SCHOOLS will crumble, a futile war kills and maims and hundreds of thousands will be thrown on the dole – yet the Con-Lib Dem coalition sails merrily on.

But throw in a row about an issue few people care about and neither of the parties truly wants – the referendum on the alternative vote (AV) system – and suddenly the Government is in mortal danger.

How can the biggest obstacle in the path of the Cameron-Clegg chariot be something the public regards with a yawn, rather than the jobs, schools and tragic war that matter so much more? After all, remember that even Nick Clegg once described AV as a “miserable little compromise” – before he miraculously became its biggest supporter.

The answer is that the referendum row – nearly 50 Tory backbenchers oppose its staging next May – flows from a belief that David Cameron deceived his own party at the moment the coalition was born.

Worse than that, the Prime Minister is accused of continuing that deception by publicly stating he opposes AV, while secretly hoping the public votes “yes”.

To recap, Mr Cameron convinced his party, during those post-election days of drama, that the referendum simply had to be offered to prevent a Lib-Lab deal that would keep Gordon Brown in No 10.

Unfortunately, Mr Clegg now admits Mr Cameron’s claim that Labour had offered AV immediately – without a nationwide vote – was untrue, begging the question who misled whom? Conservative right-wingers suspect it was their own leader, having long accused him of betraying Margaret Thatcher’s legacy.

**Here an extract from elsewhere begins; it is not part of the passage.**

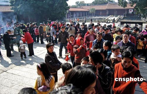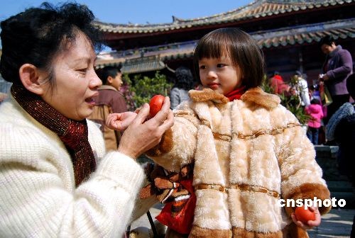 2月15日,福建泉州眾多學子來到泉州府文廟,拜孔子、領紅蛋,祈愿學業有成,這已經成為僑鄉學子新學期開學的第一課。今年,泉州府文廟又準備了七萬紅蛋派送給來自僑鄉各地的廣大學子。中新社發 傅丹丹 攝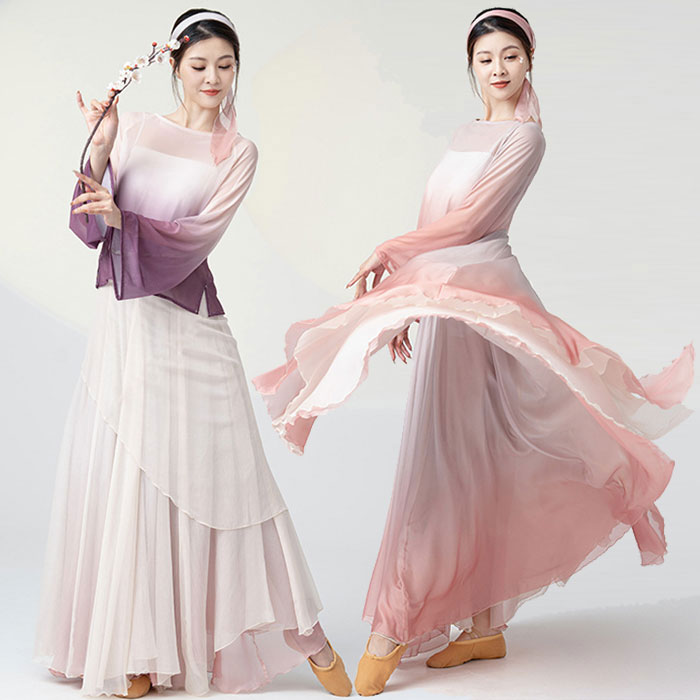 ダンス衣装 長袖 トップス ロング丈 シフォン 巻きスカート フレアスカート 美しい グラデーション ふんわり シフォン スカート ダンス レッスン着 レディース 大人 ダンス 発表会 ステージ 舞台

It is a wound that can only fester.

Meanwhile, conspiracy theories are undermining Mr Cameron’s insistence that he wants to stick with first-past-the-post, rather than switch to AV, which is more likely to deliver future coalitions. Many Tories believe the Prime Minister fears the Lib Dems will walk away if the referendum is lost, making a “yes” vote a price well worth paying to keep him in Downing Street for five years.

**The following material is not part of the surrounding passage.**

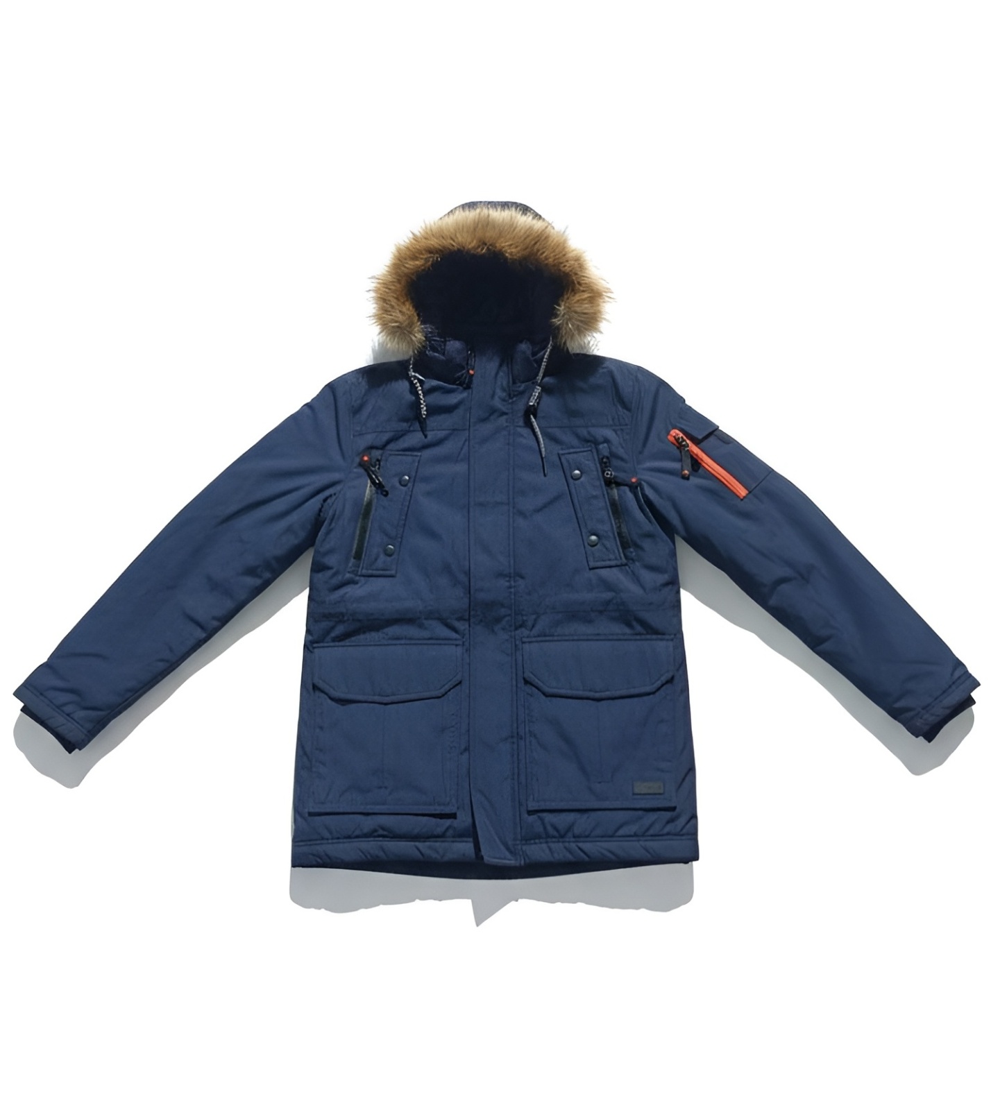 Pánská zimní bunda v tmavě modré barvě je ideální volbou do chladné zimy. Bunda má zateplenou konstrukci s kvalitní syntetickou výplní, která spolehlivě udržuje teplo i v nízkých teplotách. Svrchní materiál je odolný a vhodný pro každodenní nošení ve městě i na procházky v zimním počasí. Praktická kapuce s odnímatelnou umělou kožešinou poskytuje extra ochranu před chladem a větrem. Bunda je vybavena více kapsami – hrudními, spodními a kapsou na rukávu – pro pohodlné uložení drobností. Zapínání na zip krytý légou pomáhá lépe izolovat proti chladu. Moderní střih a funkční detaily dělají z této bundy univerzální kousek pro zimní sezónu.

Even if coalition does survive, how can its twin leaders convincingly oppose each other in live TV debates in 2015, having been paton- the-back partners for so long?

Can it only work if each can urge their supporters to give second preferences to the other party – as conveniently allowed by AV?

Some believe Mr Cameron now secretly backs that solution.

It explains Tory fury over the referendum – even if it doesn’t explain Lib Dem silence on those important issues where the Tories ride roughshod.

ADMITTEDLY, another small dark cloud emerged on the horizon yesterday – the Prime Minister’s plan to end the luxury of “council housing for life” for new tenants.

It was quickly pointed out that Mr Cameron himself, just before the election, had dismissed Labour “scaremongering” on the issue, saying: “We have no policy to change the current or future security of tenure of tenants in social housing.”

Within hours, Lib Dem deputy leader Simon Hughes had dragged himself away from his August slumber, rejecting the idea with the memorable statement: “It is a prime ministerial idea. It has no more validity than that.”

Hmmm. I’m not sure this notion – “this Cameron fella from central London, he doesn’t speak for the government”, to paraphrase – is going to work for the poor old Lib Dems.